About this task:
An exact copy of the data is required; the images should not appear in it.

[Extracted records]
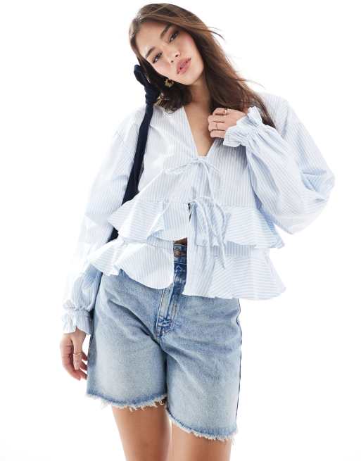 ASOS DESIGN – Niebieski top w paski z długimi rękawami, wiązaniem z przodu i falbanką
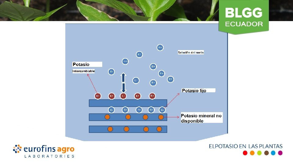 Potasio intercambiable – Una forma disponible del potasio en el suelo, que las plantas pueden extraer fácilmente. Esta fracción de potasio esta absorbida en la superficie de las partículas de arcilla y materia orgánica en el suelo. Se encuentra en equilibrio con la solución del suelo y se desplaza rápidamente cuando las plantas absorben el potasio de la solución del suelo. Potasio en la solución del suelo - El potasio disuelto en la solución del suelo está inmediatamente disponible para las plantas. Sin embargo, las cantidades presentes en la solución del suelo son muy pequeñas. Cuando la planta extrae el potasio de la solución del suelo, su concentración se repone inmediatamente por el potasio en la forma intercambiable.
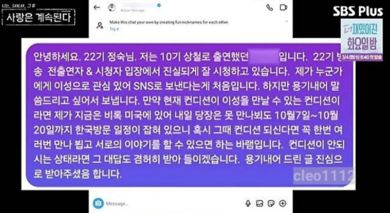 다른 기수로 출연한 두 사람은 전혀 접점이 없어 보였는데 도대체 어떻게 만나게 되었는지 궁금했습니다. 우선, 미국에 거주 중인 상철과 한국에 있는 정숙이 어떻게 만나고 이어졌는지부터 의문이었는데 상철님이 적극적으로 연락하여 만나게 되었다고 합니다. 나는 솔로 22기 방송을 보고 정숙님에게 반해서 인스타 DM을 보내었는데 정숙님이 읽지 았았으나 결국 15기 영철의 도움으로 24년 10월에 처음 만나게 되었다는 정보입니다.
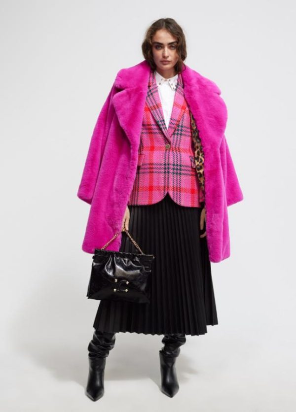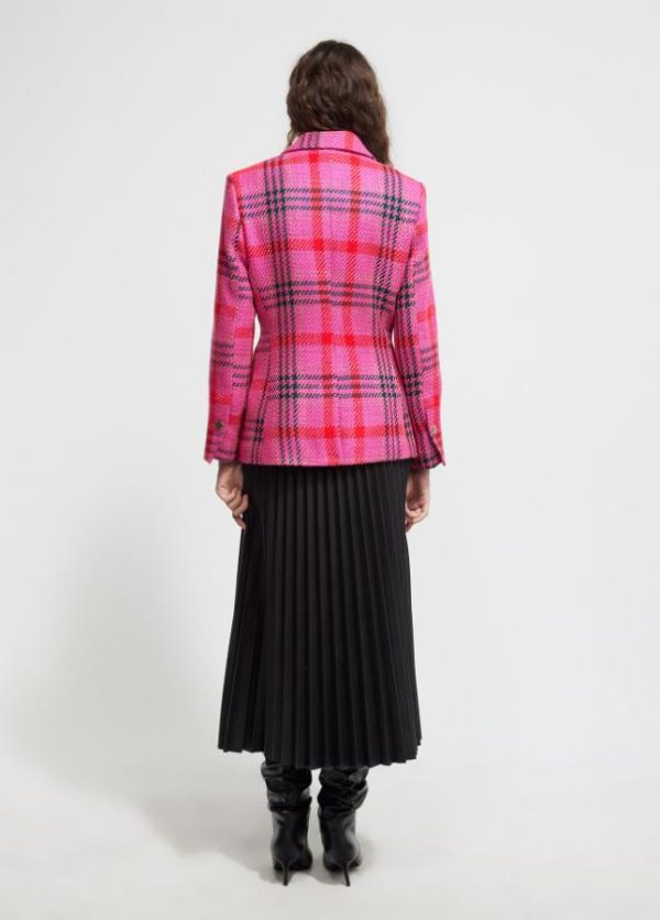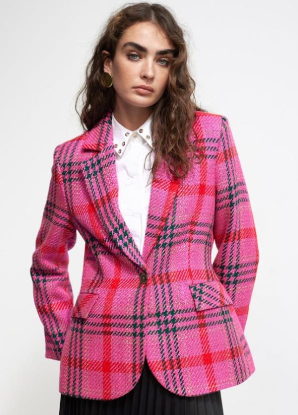 Blazer de cuadros en tweed. Cuello solapa y cerrada con un botón metálico. Bolsillos con tapete.
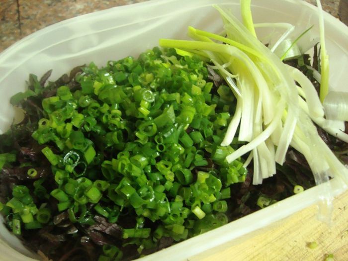 Rau răm và hành lá sau khi rửa sạch, hãy cắt nhỏ. Hành lá, hãy tách phần đầu riêng và cắt phần lá thành những đoạn nhỏ.
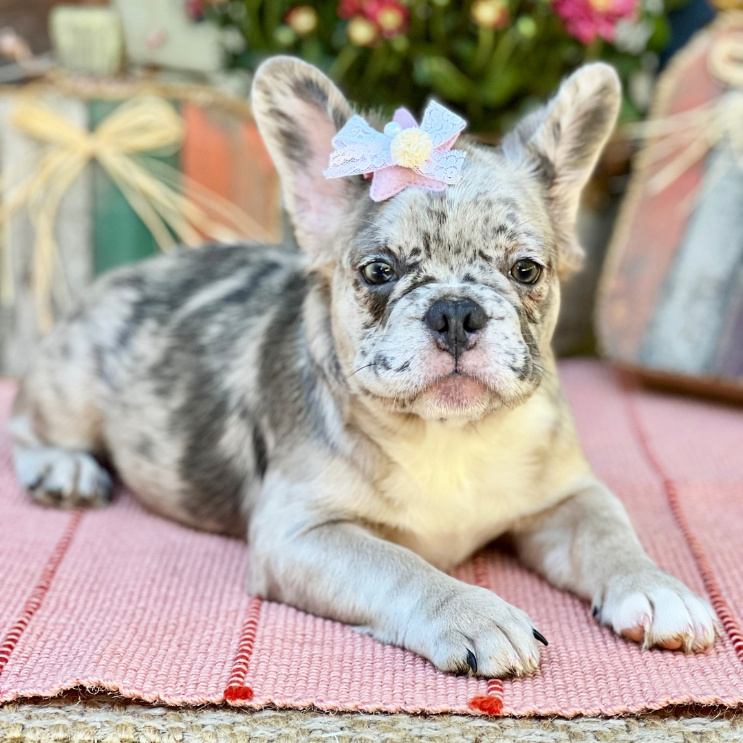 Franska bulldoggar har kort, glansig päls som kräver regelbunden borstning för att hålla sig frisk och fri från döda hårstrån. En merlefärgad bulldogg som Faith behöver extra uppmärksamhet kring hudvård eftersom pälsen ibland kan vara känsligare.
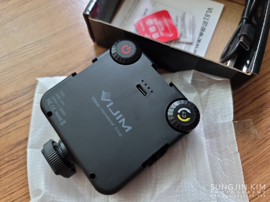 제조사 사양에 따르면 최대 광량에서 약 2시간반 정도 사용이 가능하기 때문에 왠만한 환경의 촬영에서는 큰 무리 없이 사용할 수 있을 것 같다.
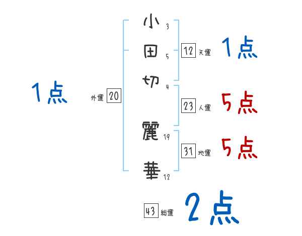 小田切麗華さんの画数の鑑定結果
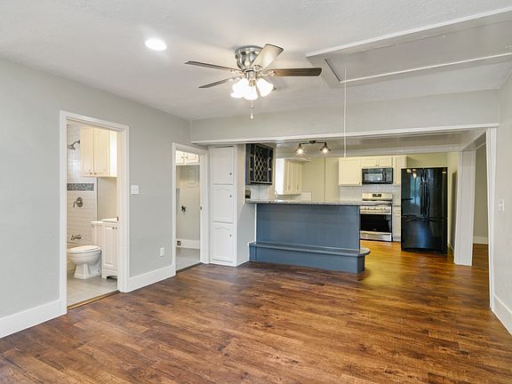 Large paved patioStainless appliancesGranite counter topsOpen kitchenBreakfast bar counter topPlumbing fixturesBathtub tile surrounds
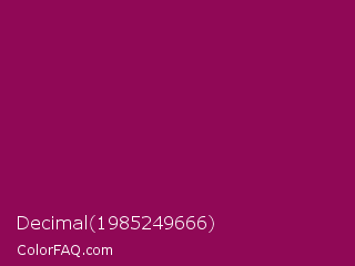 Decimal 1985249666 Color is a dark magenta color and the nearest color is Cardinal Pink #8c055e. Hex code #900856 and RGB value is rgb(144,8,86). In RGB color space, this color is composed of 56% red, 3% green, 34% blue, In CMYK color space, this color is composed of 0% cyan, 94% magenta, 40% yellow , 44% black , In HSL color space, this color has a hue angle of 326° , 89% saturation and 30% lightness.
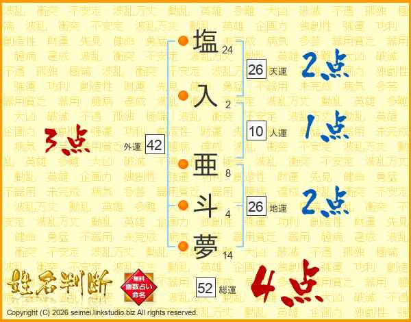 塩(24画)入(2画) 亜(8画)斗(4画)夢(14画)
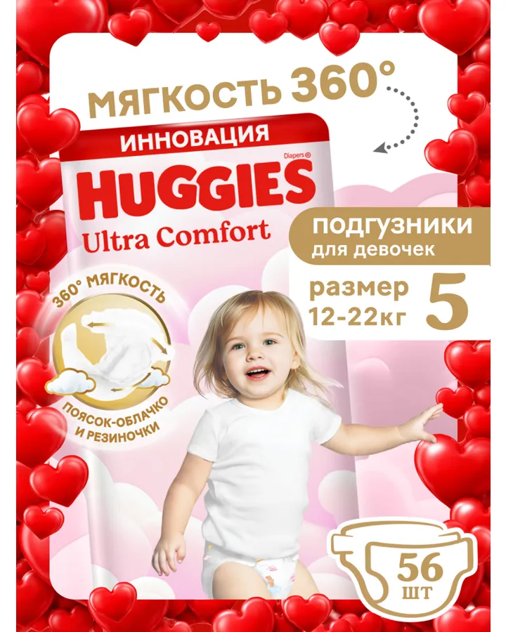 5Подгузники Huggies Ultra Comfort для девочек 5 (12-22 кг) 56 шт.
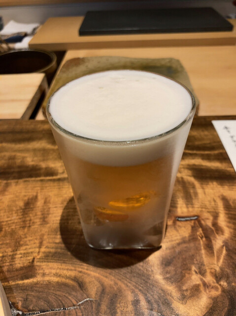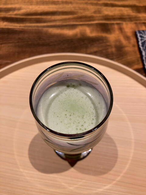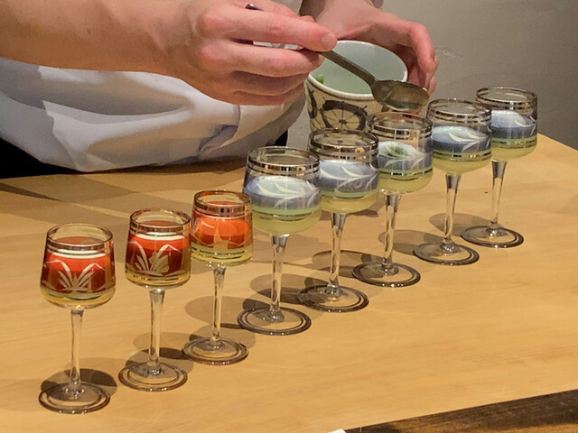 お供は自家製梅酒のソーダ割りとお料理に合わせたお茶のペアリングで。
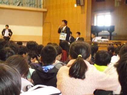 生徒会長や副会長は藤城小学校の先輩方でした。その先輩方の挨拶のあと、藤中についての説明がありました。
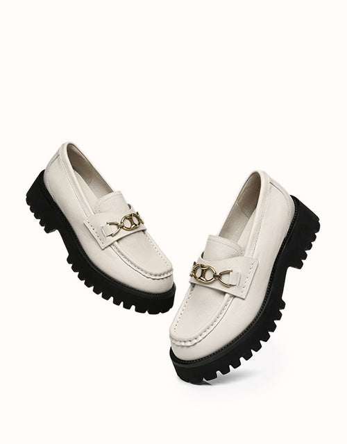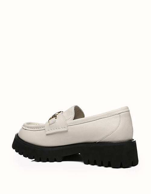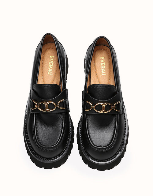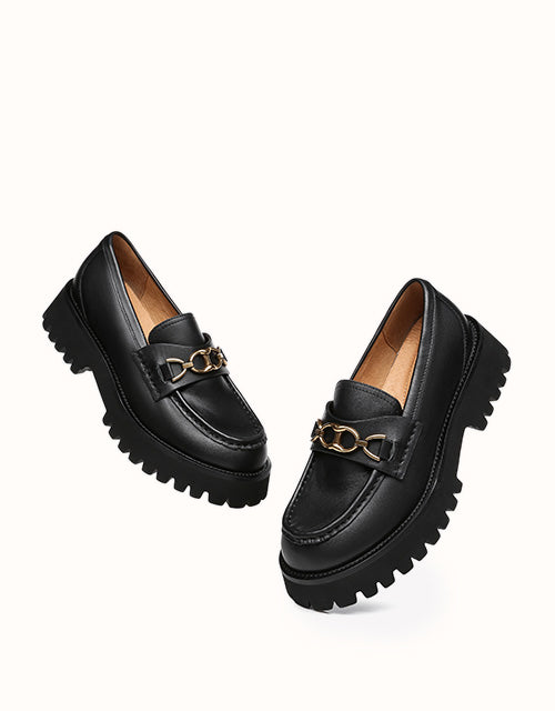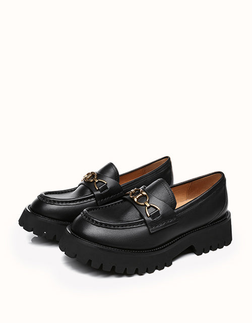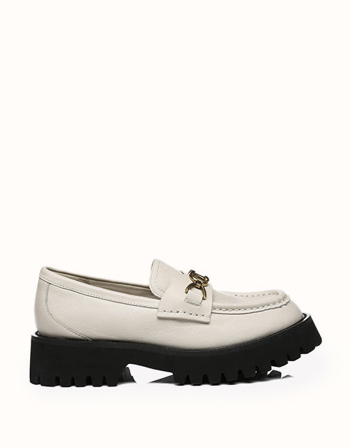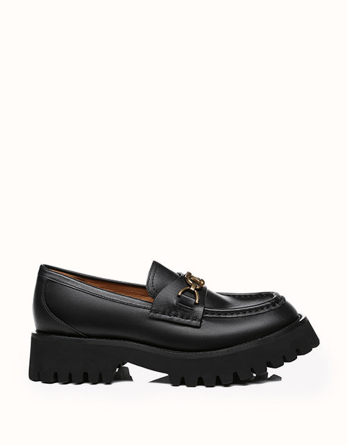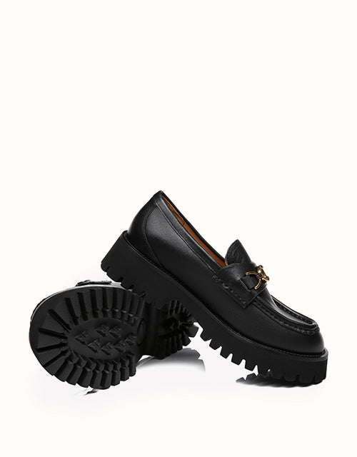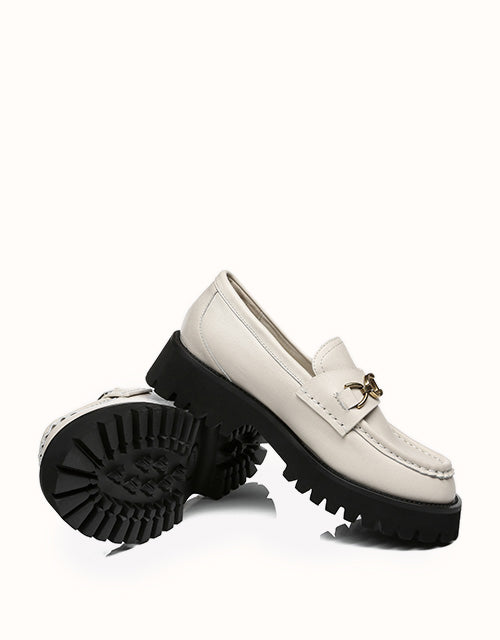 Style them with dark colours to maintain that edgy, minimal look, or spice it up a little and wear these with a pop of colour. Featuring a metal horse bit chain -Take your casual style up a notch with these chunky soled beauties. The Patty will keep you lookingelegant and stylish all season.

Response area:
 ASOS DESIGN – Niebieski top w paski z długimi rękawami, wiązaniem z przodu i falbanką
 Potasio intercambiable – Una forma disponible del potasio en el suelo, que las plantas pueden extraer fácilmente. Esta fracción de potasio esta absorbida en la superficie de las partículas de arcilla y materia orgánica en el suelo. Se encuentra en equilibrio con la solución del suelo y se desplaza rápidamente cuando las plantas absorben el potasio de la solución del suelo. Potasio en la solución del suelo - El potasio disuelto en la solución del suelo está inmediatamente disponible para las plantas. Sin embargo, las cantidades presentes en la solución del suelo son muy pequeñas. Cuando la planta extrae el potasio de la solución del suelo, su concentración se repone inmediatamente por el potasio en la forma intercambiable.
 다른 기수로 출연한 두 사람은 전혀 접점이 없어 보였는데 도대체 어떻게 만나게 되었는지 궁금했습니다. 우선, 미국에 거주 중인 상철과 한국에 있는 정숙이 어떻게 만나고 이어졌는지부터 의문이었는데 상철님이 적극적으로 연락하여 만나게 되었다고 합니다. 나는 솔로 22기 방송을 보고 정숙님에게 반해서 인스타 DM을 보내었는데 정숙님이 읽지 았았으나 결국 15기 영철의 도움으로 24년 10월에 처음 만나게 되었다는 정보입니다.
 Blazer de cuadros en tweed. Cuello solapa y cerrada con un botón metálico. Bolsillos con tapete.
 Rau răm và hành lá sau khi rửa sạch, hãy cắt nhỏ. Hành lá, hãy tách phần đầu riêng và cắt phần lá thành những đoạn nhỏ.
 Franska bulldoggar har kort, glansig päls som kräver regelbunden borstning för att hålla sig frisk och fri från döda hårstrån. En merlefärgad bulldogg som Faith behöver extra uppmärksamhet kring hudvård eftersom pälsen ibland kan vara känsligare.
 제조사 사양에 따르면 최대 광량에서 약 2시간반 정도 사용이 가능하기 때문에 왠만한 환경의 촬영에서는 큰 무리 없이 사용할 수 있을 것 같다.
 小田切麗華さんの画数の鑑定結果
 Large paved patioStainless appliancesGranite counter topsOpen kitchenBreakfast bar counter topPlumbing fixturesBathtub tile surrounds
 Decimal 1985249666 Color is a dark magenta color and the nearest color is Cardinal Pink #8c055e. Hex code #900856 and RGB value is rgb(144,8,86). In RGB color space, this color is composed of 56% red, 3% green, 34% blue, In CMYK color space, this color is composed of 0% cyan, 94% magenta, 40% yellow , 44% black , In HSL color space, this color has a hue angle of 326° , 89% saturation and 30% lightness.
 塩(24画)入(2画) 亜(8画)斗(4画)夢(14画)
 5Подгузники Huggies Ultra Comfort для девочек 5 (12-22 кг) 56 шт.
 お供は自家製梅酒のソーダ割りとお料理に合わせたお茶のペアリングで。
 生徒会長や副会長は藤城小学校の先輩方でした。その先輩方の挨拶のあと、藤中についての説明がありました。
 Style them with dark colours to maintain that edgy, minimal look, or spice it up a little and wear these with a pop of colour. Featuring a metal horse bit chain -Take your casual style up a notch with these chunky soled beauties. The Patty will keep you lookingelegant and stylish all season.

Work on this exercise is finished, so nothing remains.